En el caso peruano, lo que algunos medios o autoridades
califican como “disturbios”, “caos social” o como el don nadie que está en el
cargo de premier califica de ….., no son otra cosa que manifestaciones de un
profundo divorcio entre la sociedad y sus gobernantes.
La gente no protesta porque no tenga nada que hacer. Protesta porque ya no
tiene a quién recurrir.
La legitimidad rota: el origen de la indignación
Todo gobierno necesita tres pilares para sostenerse:
legitimidad de origen, legitimidad de ejercicio y legitimidad
moral.
Cuando los tres se quiebran, lo que queda es un poder sostenido por la fuerza.
- Legitimidad
de origen
Cuando un gobernante llega al poder sin el voto directo del pueblo —como ocurre con los presidentes accesitarios o producto de maniobras parlamentarias—, su base de legitimidad es débil.
En el Perú, los últimos cambios de mando no nacen de un proceso electoral, sino de crisis políticas y acuerdos entre élites parlamentarias. El ciudadano siente que no eligió a nadie, y que la sucesión presidencial fue un simple cambio de fichas dentro del mismo tablero político. - Legitimidad
de ejercicio
Se pierde cuando el gobierno no gobierna para la gente, sino para un grupo.
Cuando las decisiones se orientan a preservar intereses económicos o alianzas partidarias, mientras los problemas reales —inseguridad, pobreza, corrupción, desigualdad— se agravan, la población entiende que el poder no sirve al bien común. - Legitimidad
moral
Se destruye cuando el gobierno se aferra al poder a costa de vidas humanas.
Cada muerto en una protesta, cada represión injustificada, cada mentira oficial en un parte policial, mina la poca credibilidad que queda.
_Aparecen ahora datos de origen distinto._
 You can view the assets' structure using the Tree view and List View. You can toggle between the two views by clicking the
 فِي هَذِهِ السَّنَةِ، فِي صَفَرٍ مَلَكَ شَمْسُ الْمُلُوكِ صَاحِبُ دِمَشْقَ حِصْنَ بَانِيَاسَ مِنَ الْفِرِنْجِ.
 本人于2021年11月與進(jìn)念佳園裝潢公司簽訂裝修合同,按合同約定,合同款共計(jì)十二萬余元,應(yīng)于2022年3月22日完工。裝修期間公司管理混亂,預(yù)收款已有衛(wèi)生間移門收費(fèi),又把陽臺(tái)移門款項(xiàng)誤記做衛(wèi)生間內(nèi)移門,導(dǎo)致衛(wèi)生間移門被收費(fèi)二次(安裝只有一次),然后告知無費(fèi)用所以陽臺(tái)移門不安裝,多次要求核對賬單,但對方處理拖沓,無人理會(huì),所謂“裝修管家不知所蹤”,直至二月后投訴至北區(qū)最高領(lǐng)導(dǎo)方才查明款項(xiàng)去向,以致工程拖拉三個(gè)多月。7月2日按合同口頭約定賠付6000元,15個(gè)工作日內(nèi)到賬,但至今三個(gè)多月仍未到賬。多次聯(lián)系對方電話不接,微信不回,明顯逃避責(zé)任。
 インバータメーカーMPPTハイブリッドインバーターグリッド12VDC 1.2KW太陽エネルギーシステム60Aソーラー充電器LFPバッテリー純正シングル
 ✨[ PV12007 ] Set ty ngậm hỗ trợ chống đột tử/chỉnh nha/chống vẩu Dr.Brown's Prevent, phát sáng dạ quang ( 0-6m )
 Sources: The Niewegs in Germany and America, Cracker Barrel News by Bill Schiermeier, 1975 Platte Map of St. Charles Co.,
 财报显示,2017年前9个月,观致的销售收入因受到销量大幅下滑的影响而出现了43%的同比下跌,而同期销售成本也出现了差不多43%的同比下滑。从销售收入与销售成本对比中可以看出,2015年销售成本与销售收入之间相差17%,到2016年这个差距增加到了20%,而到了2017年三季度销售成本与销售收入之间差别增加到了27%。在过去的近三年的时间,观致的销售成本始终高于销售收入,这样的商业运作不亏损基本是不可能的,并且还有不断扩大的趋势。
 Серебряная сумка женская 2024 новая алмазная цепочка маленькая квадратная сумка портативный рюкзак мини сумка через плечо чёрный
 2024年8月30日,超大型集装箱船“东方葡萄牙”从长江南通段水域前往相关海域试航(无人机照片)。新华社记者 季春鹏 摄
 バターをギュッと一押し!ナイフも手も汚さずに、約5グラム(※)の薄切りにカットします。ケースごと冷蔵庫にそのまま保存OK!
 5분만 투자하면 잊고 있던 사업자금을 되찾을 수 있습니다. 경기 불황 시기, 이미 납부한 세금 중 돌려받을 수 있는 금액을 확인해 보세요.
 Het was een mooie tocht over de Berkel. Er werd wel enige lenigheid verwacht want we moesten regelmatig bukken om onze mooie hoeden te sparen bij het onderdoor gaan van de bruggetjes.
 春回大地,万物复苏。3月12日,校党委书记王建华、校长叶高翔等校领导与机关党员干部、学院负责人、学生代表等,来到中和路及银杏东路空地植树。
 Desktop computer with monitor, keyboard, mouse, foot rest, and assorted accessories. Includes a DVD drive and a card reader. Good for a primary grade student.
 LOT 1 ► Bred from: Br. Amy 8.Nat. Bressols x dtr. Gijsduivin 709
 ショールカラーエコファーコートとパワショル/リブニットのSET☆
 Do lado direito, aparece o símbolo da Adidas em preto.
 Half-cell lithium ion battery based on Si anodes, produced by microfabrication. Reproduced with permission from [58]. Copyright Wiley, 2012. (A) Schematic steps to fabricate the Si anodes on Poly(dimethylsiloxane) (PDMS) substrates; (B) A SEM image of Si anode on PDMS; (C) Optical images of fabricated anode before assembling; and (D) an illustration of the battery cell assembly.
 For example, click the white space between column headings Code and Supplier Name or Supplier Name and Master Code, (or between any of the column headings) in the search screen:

La represión no apaga el fuego social: lo aviva.
Y este gobierno los
ha perdido todos
El pueblo protesta porque el sistema ya no lo representa
En contextos como el actual, la protesta no es un capricho
ideológico. Es una reacción natural de defensa ciudadana.
El ciudadano común observa que los mecanismos democráticos —Congreso, justicia,
fiscalía, medios— ya no funcionan como canales de representación.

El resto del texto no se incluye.